[[ PROVIDED DATA open ]]

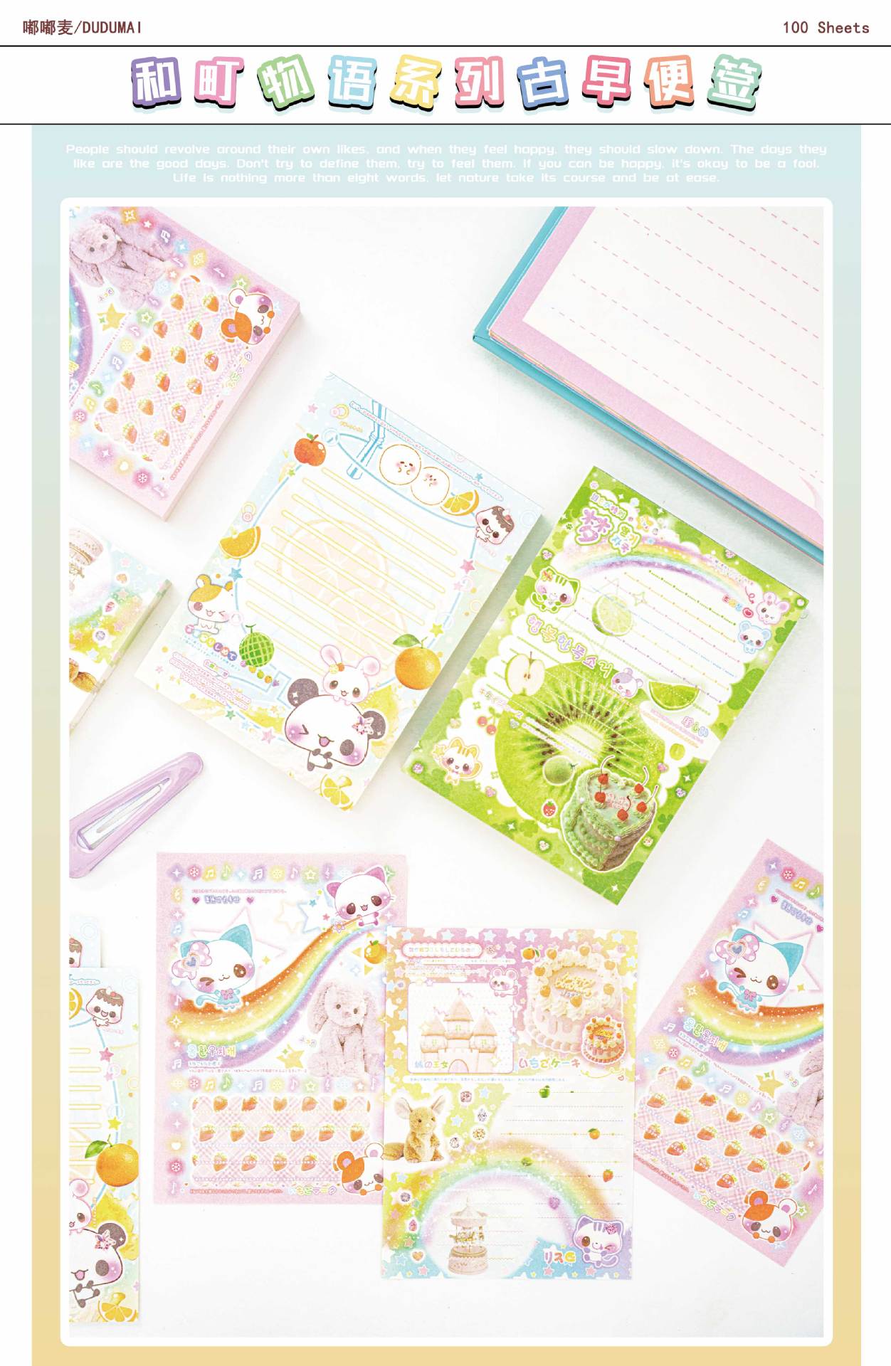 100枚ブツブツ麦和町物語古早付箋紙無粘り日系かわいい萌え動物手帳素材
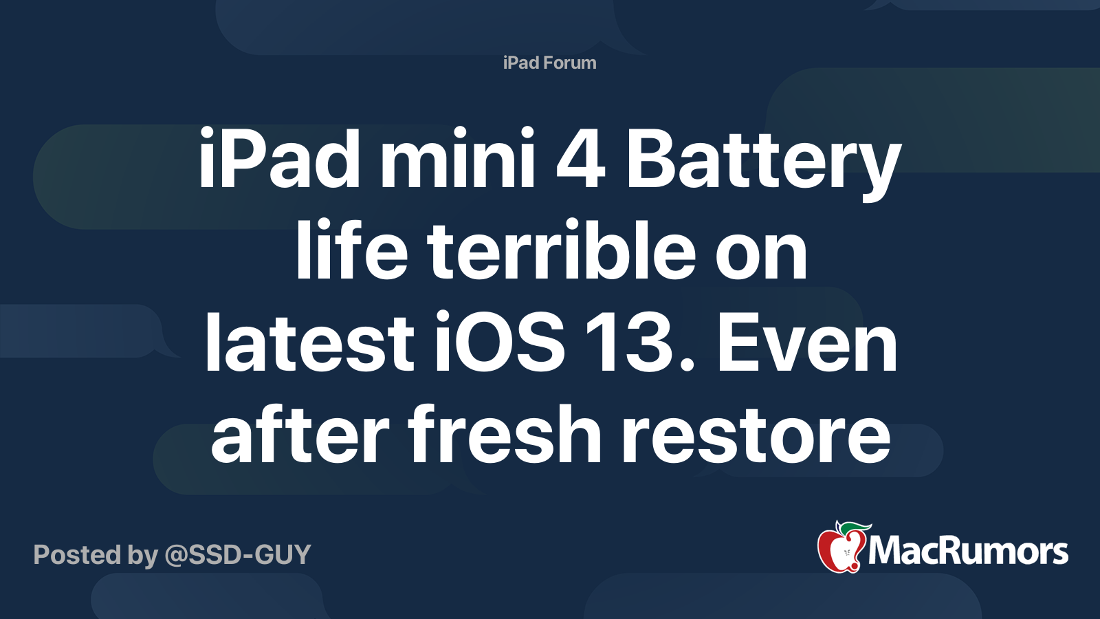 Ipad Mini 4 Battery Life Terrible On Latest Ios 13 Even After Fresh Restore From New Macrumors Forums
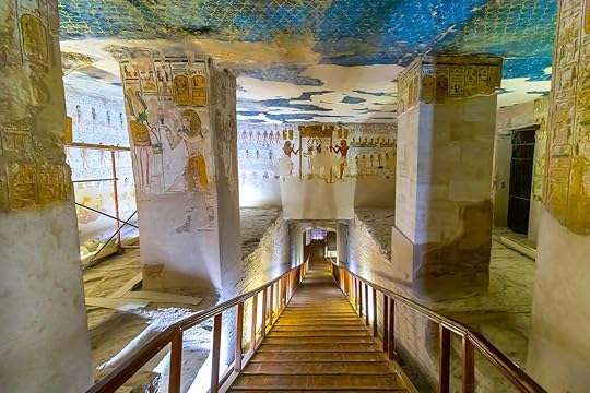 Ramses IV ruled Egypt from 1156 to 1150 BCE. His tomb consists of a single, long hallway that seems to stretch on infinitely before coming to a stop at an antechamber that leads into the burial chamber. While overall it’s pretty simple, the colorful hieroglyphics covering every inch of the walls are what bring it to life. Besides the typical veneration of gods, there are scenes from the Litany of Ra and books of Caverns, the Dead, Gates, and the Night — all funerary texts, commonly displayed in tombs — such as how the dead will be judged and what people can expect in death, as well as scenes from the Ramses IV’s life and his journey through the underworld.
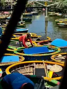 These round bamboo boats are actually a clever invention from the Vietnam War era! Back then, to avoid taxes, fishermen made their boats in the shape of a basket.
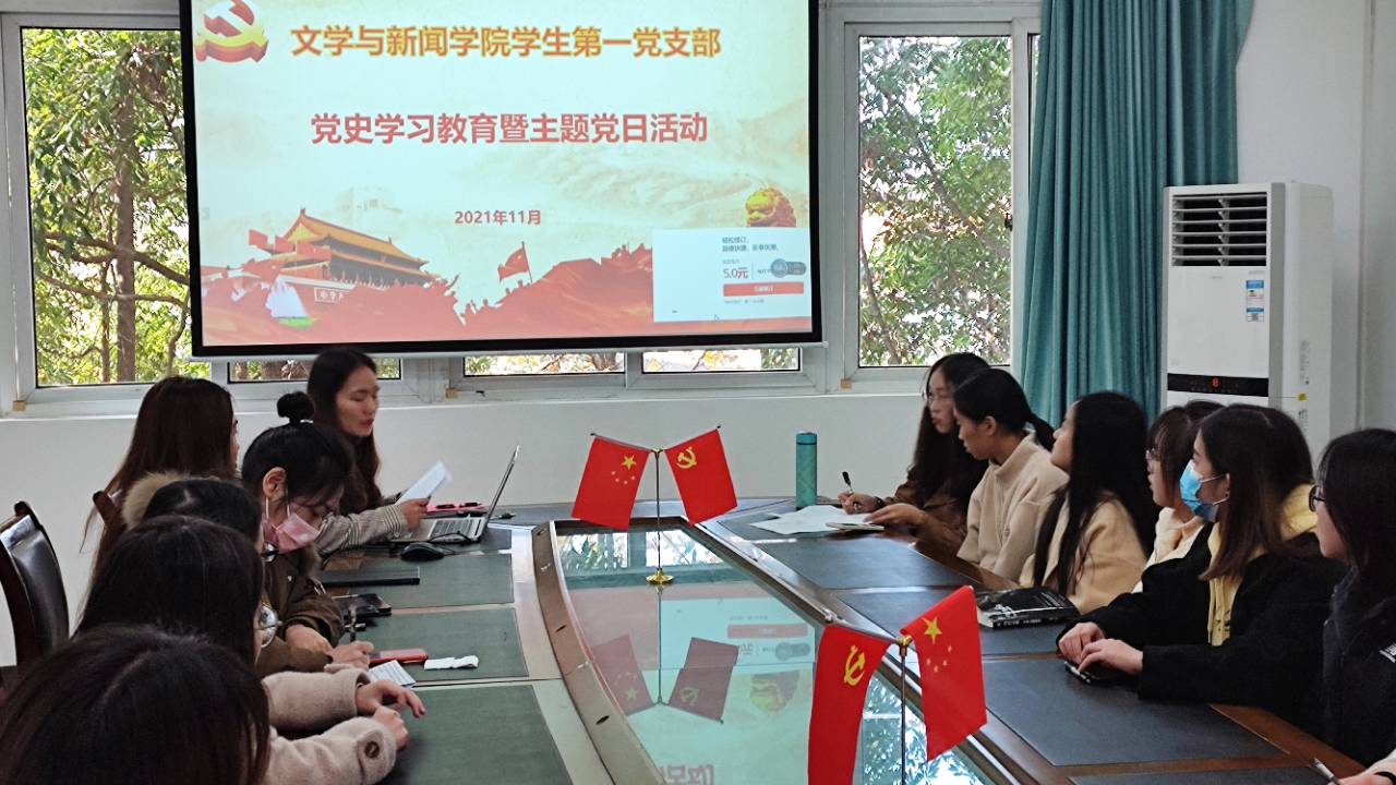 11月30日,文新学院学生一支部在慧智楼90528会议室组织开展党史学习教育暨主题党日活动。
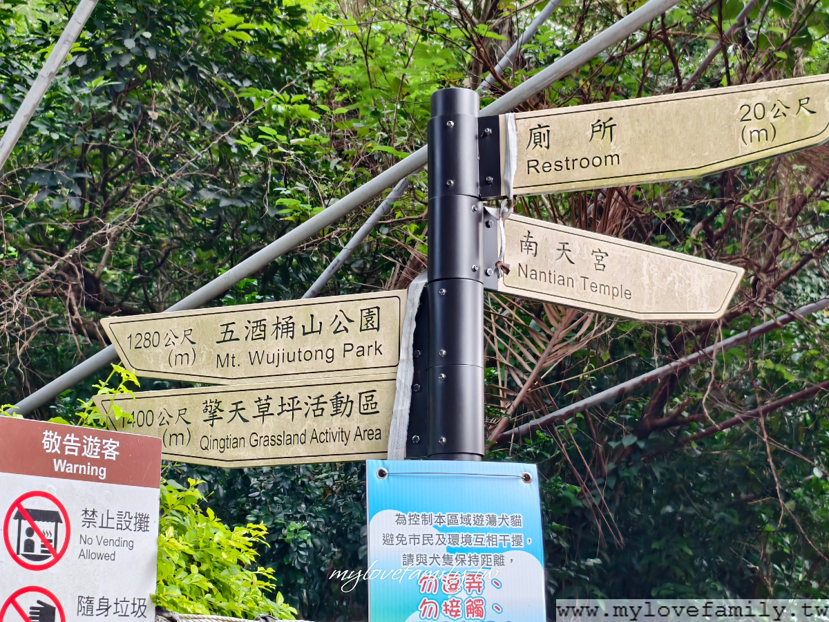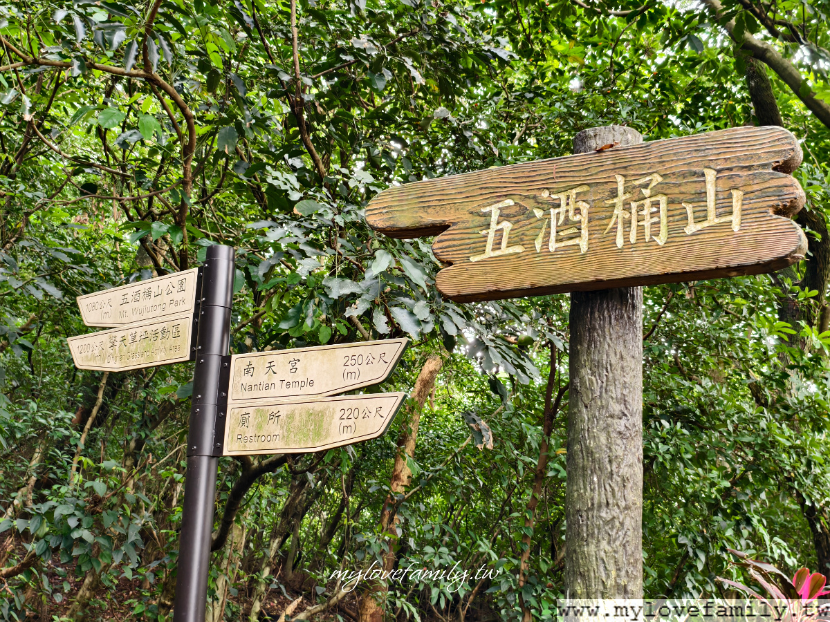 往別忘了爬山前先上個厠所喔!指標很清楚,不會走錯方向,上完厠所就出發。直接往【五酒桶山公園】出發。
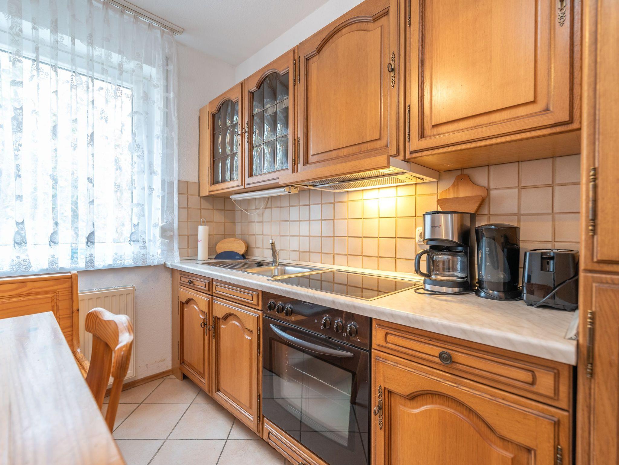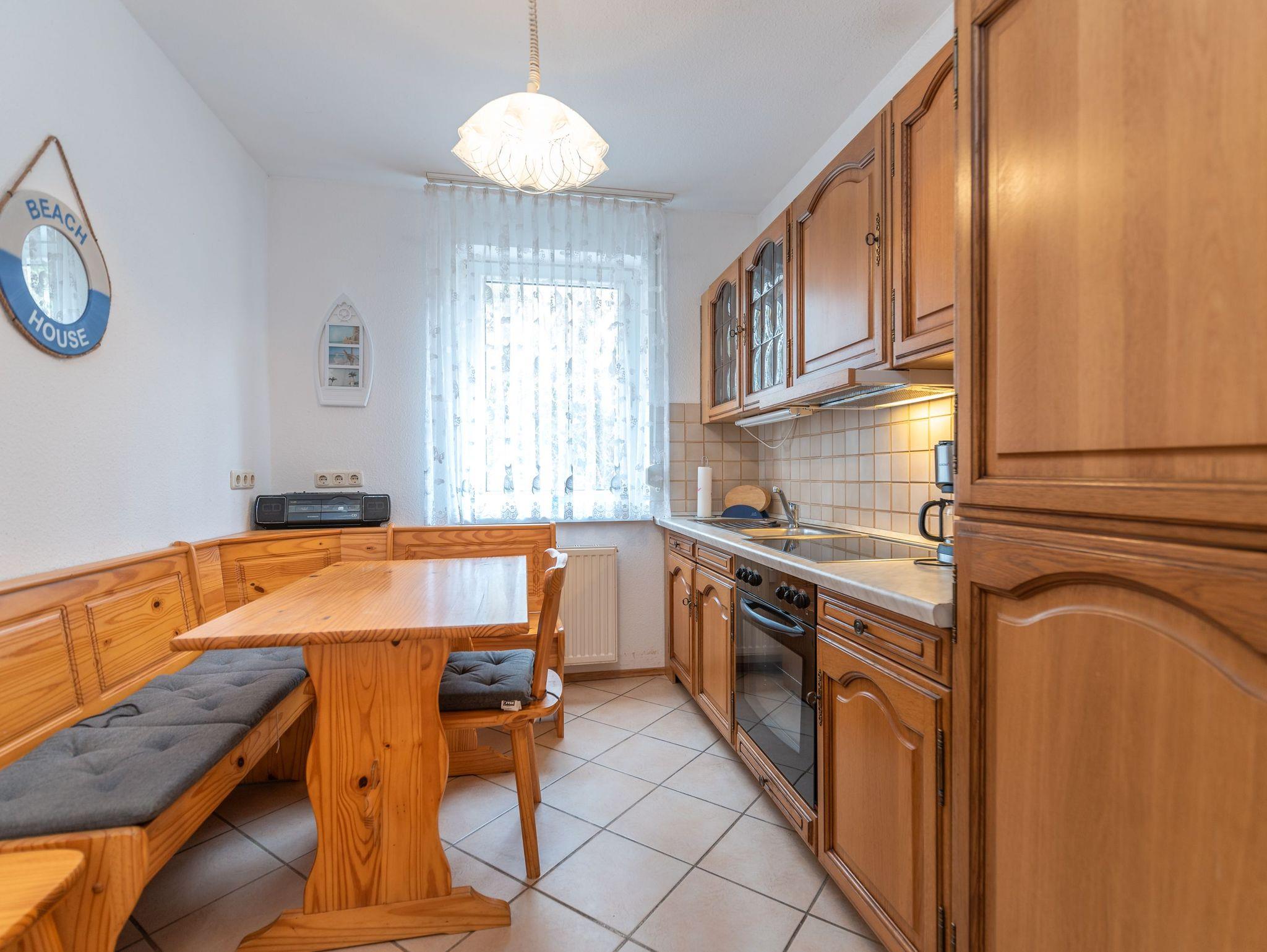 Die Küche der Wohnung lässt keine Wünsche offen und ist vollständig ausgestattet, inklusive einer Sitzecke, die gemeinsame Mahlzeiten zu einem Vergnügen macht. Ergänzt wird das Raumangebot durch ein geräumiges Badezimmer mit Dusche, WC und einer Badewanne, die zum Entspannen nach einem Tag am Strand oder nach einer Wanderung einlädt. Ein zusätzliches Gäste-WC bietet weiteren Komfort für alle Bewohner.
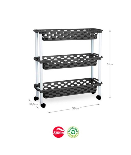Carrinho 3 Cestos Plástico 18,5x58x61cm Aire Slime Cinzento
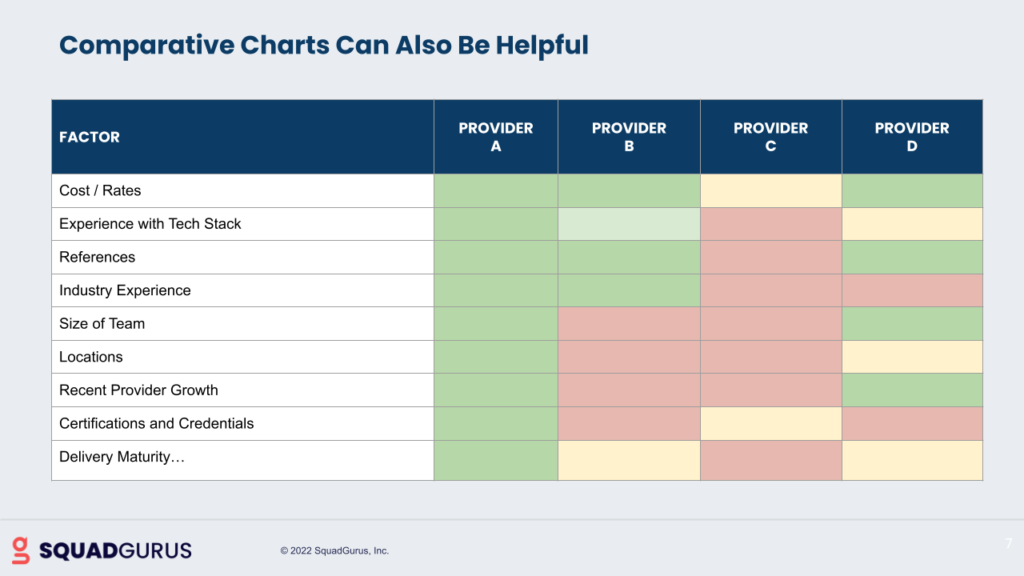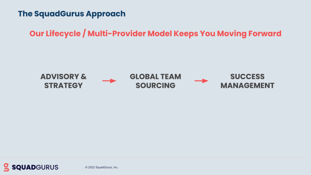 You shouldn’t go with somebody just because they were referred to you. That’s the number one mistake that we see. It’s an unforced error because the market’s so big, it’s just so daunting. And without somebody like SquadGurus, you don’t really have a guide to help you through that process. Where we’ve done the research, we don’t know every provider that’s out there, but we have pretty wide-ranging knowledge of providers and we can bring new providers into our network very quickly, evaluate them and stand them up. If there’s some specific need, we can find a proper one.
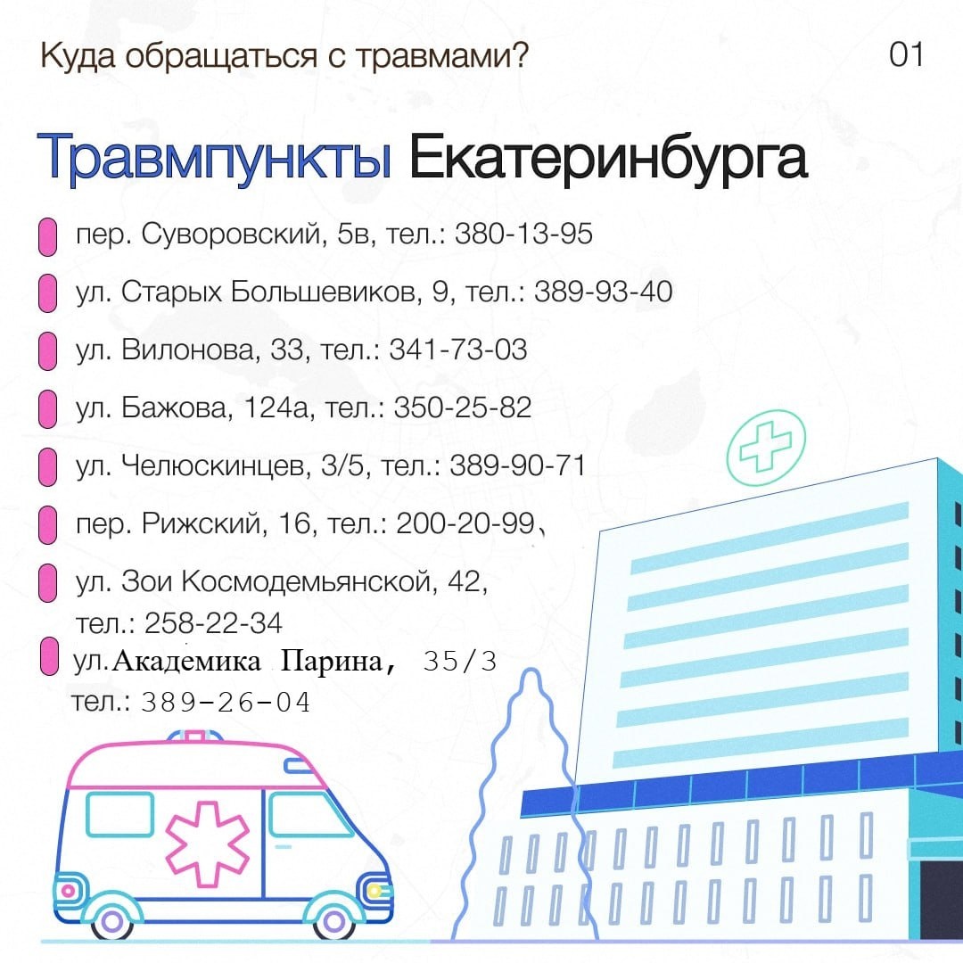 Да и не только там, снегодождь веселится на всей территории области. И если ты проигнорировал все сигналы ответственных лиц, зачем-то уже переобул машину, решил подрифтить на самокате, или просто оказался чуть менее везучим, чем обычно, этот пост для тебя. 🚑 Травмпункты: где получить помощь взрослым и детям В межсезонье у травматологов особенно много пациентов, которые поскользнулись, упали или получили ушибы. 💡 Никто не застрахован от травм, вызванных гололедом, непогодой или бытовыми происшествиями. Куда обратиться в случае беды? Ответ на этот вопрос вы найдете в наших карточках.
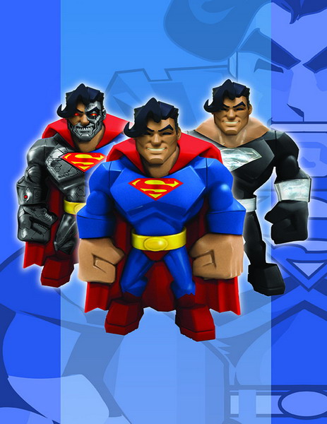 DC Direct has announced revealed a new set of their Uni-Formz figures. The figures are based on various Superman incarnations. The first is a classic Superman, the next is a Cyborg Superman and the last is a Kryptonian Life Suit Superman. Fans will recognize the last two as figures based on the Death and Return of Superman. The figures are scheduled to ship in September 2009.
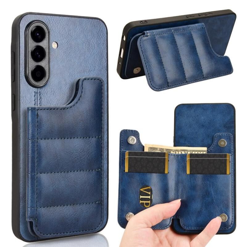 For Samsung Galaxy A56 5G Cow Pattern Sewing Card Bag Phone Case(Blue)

[[ PROVIDED DATA closed ]]

## WHAT THE EXERCISE ASKS
Without the pictures, please output every record exactly.

## EXERCISE RESPONSE
 100枚ブツブツ麦和町物語古早付箋紙無粘り日系かわいい萌え動物手帳素材
 Ipad Mini 4 Battery Life Terrible On Latest Ios 13 Even After Fresh Restore From New Macrumors Forums
 Ramses IV ruled Egypt from 1156 to 1150 BCE. His tomb consists of a single, long hallway that seems to stretch on infinitely before coming to a stop at an antechamber that leads into the burial chamber. While overall it’s pretty simple, the colorful hieroglyphics covering every inch of the walls are what bring it to life. Besides the typical veneration of gods, there are scenes from the Litany of Ra and books of Caverns, the Dead, Gates, and the Night — all funerary texts, commonly displayed in tombs — such as how the dead will be judged and what people can expect in death, as well as scenes from the Ramses IV’s life and his journey through the underworld.
 These round bamboo boats are actually a clever invention from the Vietnam War era! Back then, to avoid taxes, fishermen made their boats in the shape of a basket.
 11月30日,文新学院学生一支部在慧智楼90528会议室组织开展党史学习教育暨主题党日活动。
 往別忘了爬山前先上個厠所喔!指標很清楚,不會走錯方向,上完厠所就出發。直接往【五酒桶山公園】出發。
 Die Küche der Wohnung lässt keine Wünsche offen und ist vollständig ausgestattet, inklusive einer Sitzecke, die gemeinsame Mahlzeiten zu einem Vergnügen macht. Ergänzt wird das Raumangebot durch ein geräumiges Badezimmer mit Dusche, WC und einer Badewanne, die zum Entspannen nach einem Tag am Strand oder nach einer Wanderung einlädt. Ein zusätzliches Gäste-WC bietet weiteren Komfort für alle Bewohner.
Carrinho 3 Cestos Plástico 18,5x58x61cm Aire Slime Cinzento
 You shouldn’t go with somebody just because they were referred to you. That’s the number one mistake that we see. It’s an unforced error because the market’s so big, it’s just so daunting. And without somebody like SquadGurus, you don’t really have a guide to help you through that process. Where we’ve done the research, we don’t know every provider that’s out there, but we have pretty wide-ranging knowledge of providers and we can bring new providers into our network very quickly, evaluate them and stand them up. If there’s some specific need, we can find a proper one.
 Да и не только там, снегодождь веселится на всей территории области. И если ты проигнорировал все сигналы ответственных лиц, зачем-то уже переобул машину, решил подрифтить на самокате, или просто оказался чуть менее везучим, чем обычно, этот пост для тебя. 🚑 Травмпункты: где получить помощь взрослым и детям В межсезонье у травматологов особенно много пациентов, которые поскользнулись, упали или получили ушибы. 💡 Никто не застрахован от травм, вызванных гололедом, непогодой или бытовыми происшествиями. Куда обратиться в случае беды? Ответ на этот вопрос вы найдете в наших карточках.
 DC Direct has announced revealed a new set of their Uni-Formz figures. The figures are based on various Superman incarnations. The first is a classic Superman, the next is a Cyborg Superman and the last is a Kryptonian Life Suit Superman. Fans will recognize the last two as figures based on the Death and Return of Superman. The figures are scheduled to ship in September 2009.
 For Samsung Galaxy A56 5G Cow Pattern Sewing Card Bag Phone Case(Blue)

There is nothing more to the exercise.